### Work request:
Write again exactly the lines in the listing below, starting at the line with "Свободная удлиненная блузка" and ending at the line with "The plaque is", both included. Pictures are not copied.

### Data in this exercise:
══════════

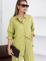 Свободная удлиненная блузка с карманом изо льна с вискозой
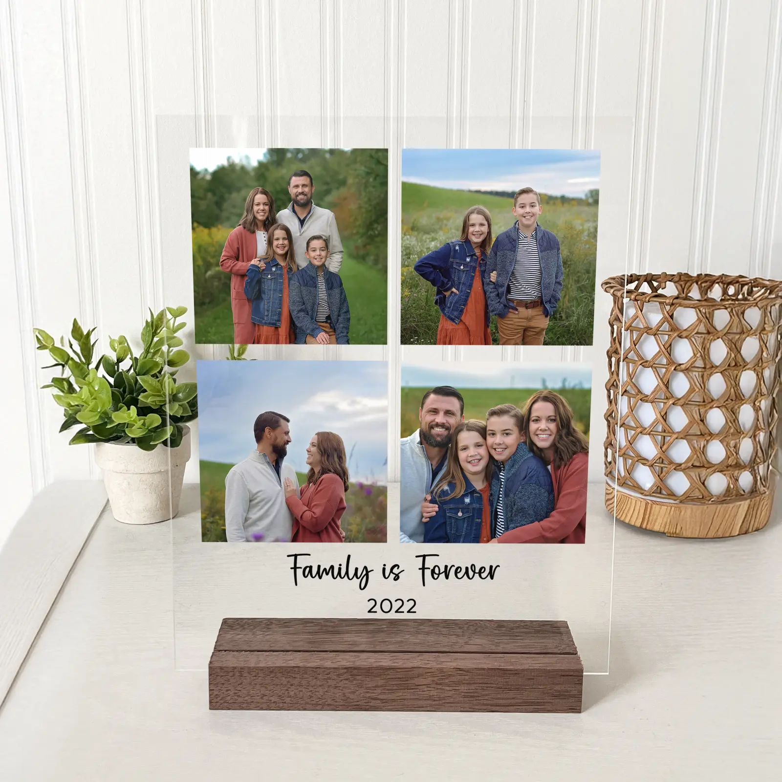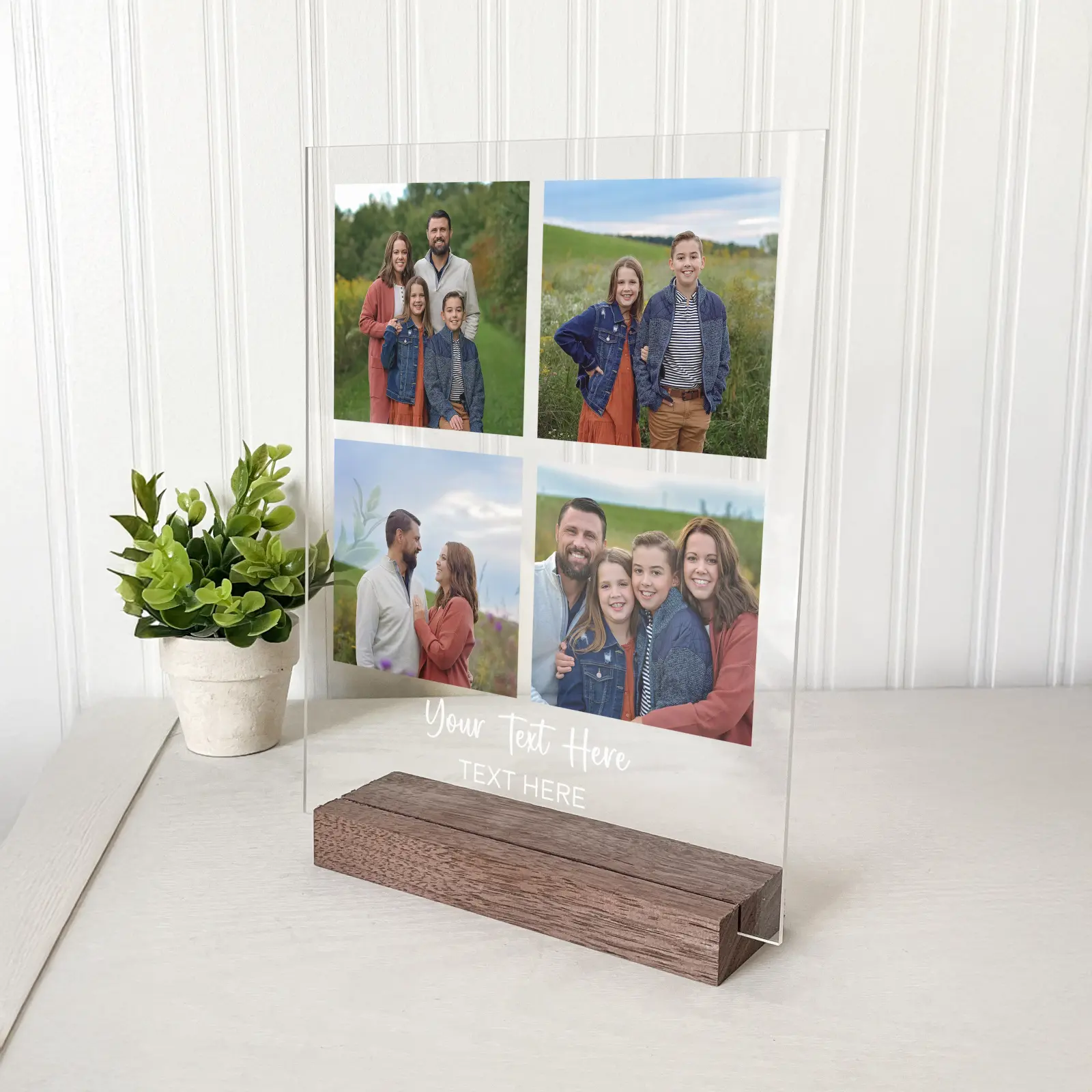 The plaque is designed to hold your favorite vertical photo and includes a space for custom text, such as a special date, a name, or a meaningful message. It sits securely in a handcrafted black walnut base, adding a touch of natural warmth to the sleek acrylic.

══════════

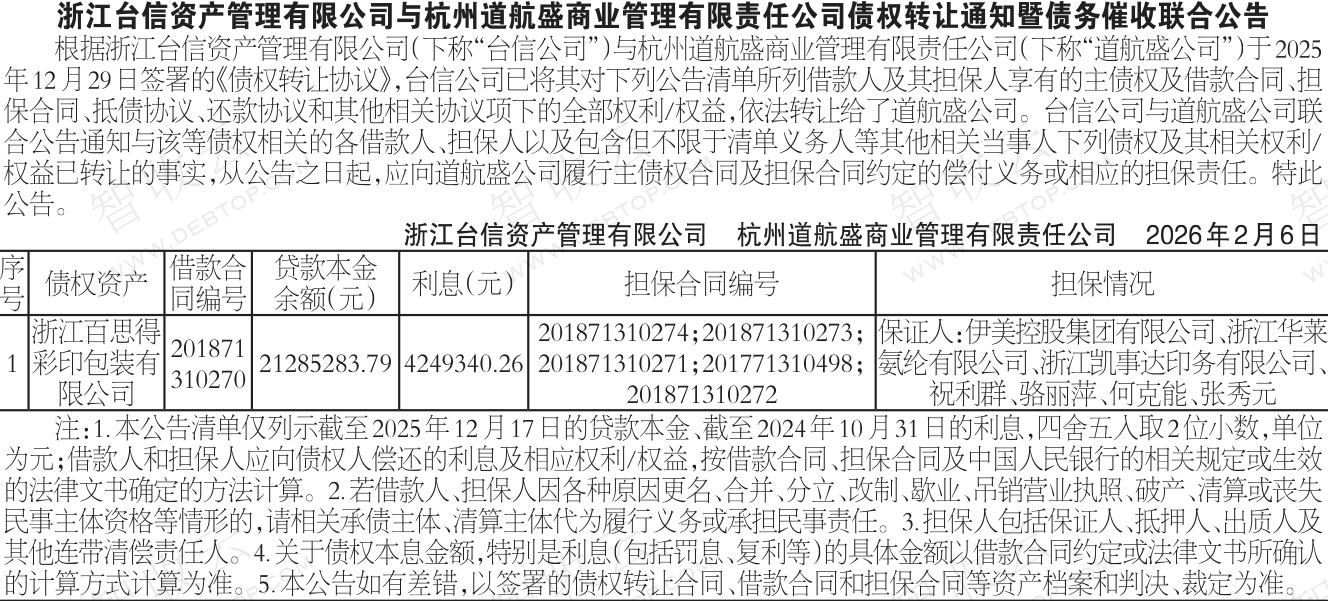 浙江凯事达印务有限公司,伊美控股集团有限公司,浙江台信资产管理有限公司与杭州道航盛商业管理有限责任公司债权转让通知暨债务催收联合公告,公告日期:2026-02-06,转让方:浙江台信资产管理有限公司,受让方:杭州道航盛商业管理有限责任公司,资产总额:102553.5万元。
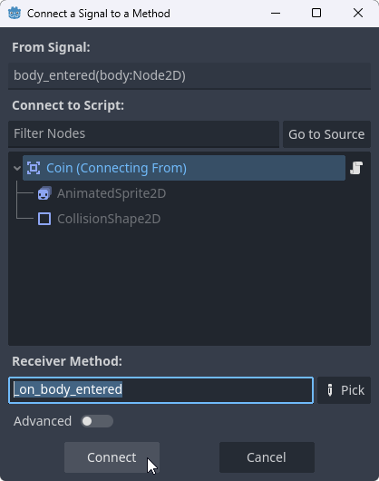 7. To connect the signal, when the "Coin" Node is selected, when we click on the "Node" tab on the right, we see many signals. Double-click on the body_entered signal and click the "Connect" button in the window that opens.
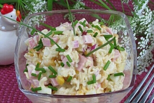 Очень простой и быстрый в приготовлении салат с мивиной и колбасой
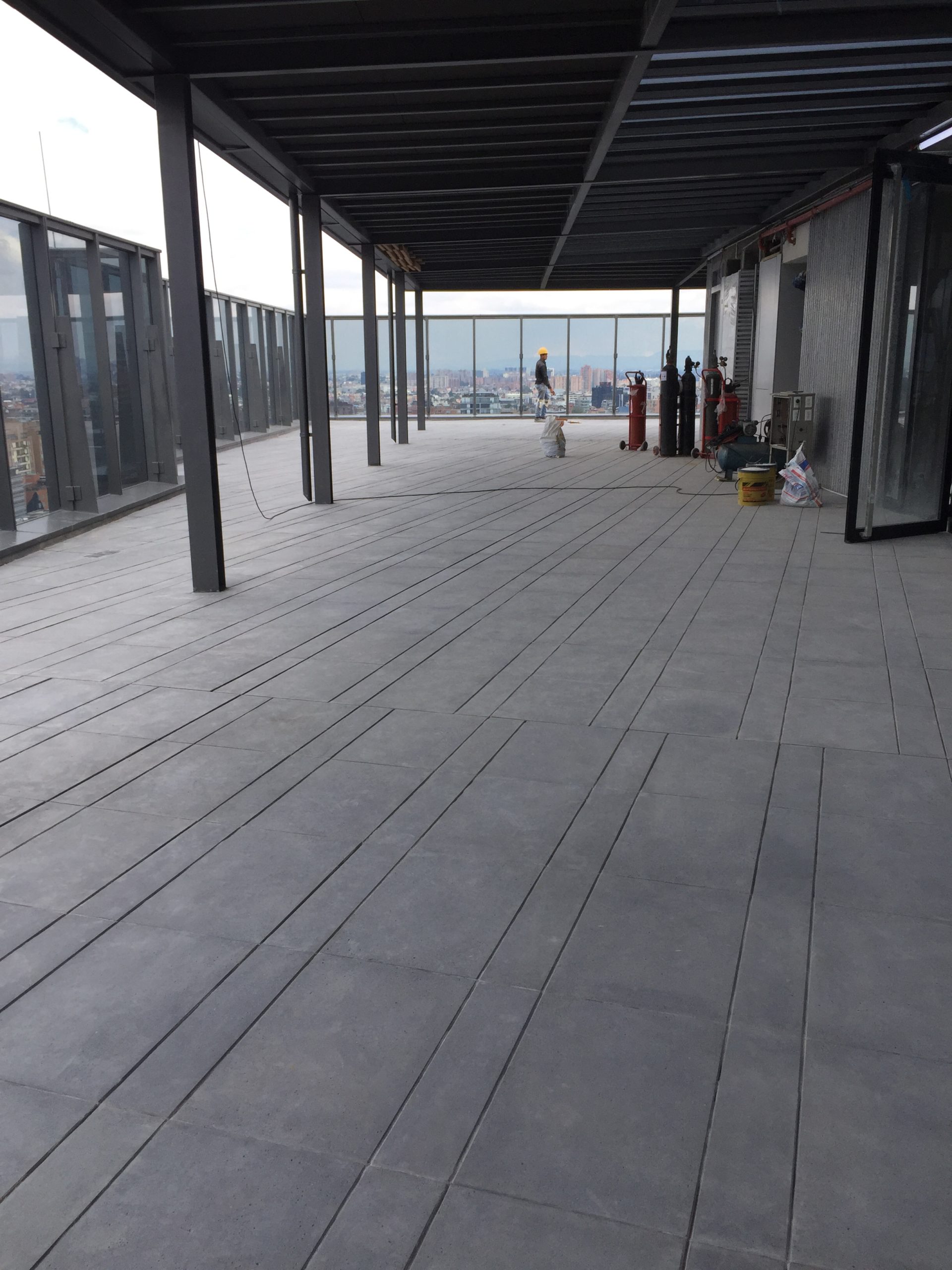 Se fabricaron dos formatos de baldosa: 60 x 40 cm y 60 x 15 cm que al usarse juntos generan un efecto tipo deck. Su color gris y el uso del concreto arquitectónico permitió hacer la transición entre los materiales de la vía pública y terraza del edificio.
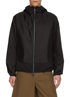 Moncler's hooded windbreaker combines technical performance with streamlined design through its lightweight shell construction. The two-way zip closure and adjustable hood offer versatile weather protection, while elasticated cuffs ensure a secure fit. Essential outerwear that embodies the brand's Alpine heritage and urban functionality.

══════════

### Solution:
 Свободная удлиненная блузка с карманом изо льна с вискозой
 The plaque is designed to hold your favorite vertical photo and includes a space for custom text, such as a special date, a name, or a meaningful message. It sits securely in a handcrafted black walnut base, adding a touch of natural warmth to the sleek acrylic.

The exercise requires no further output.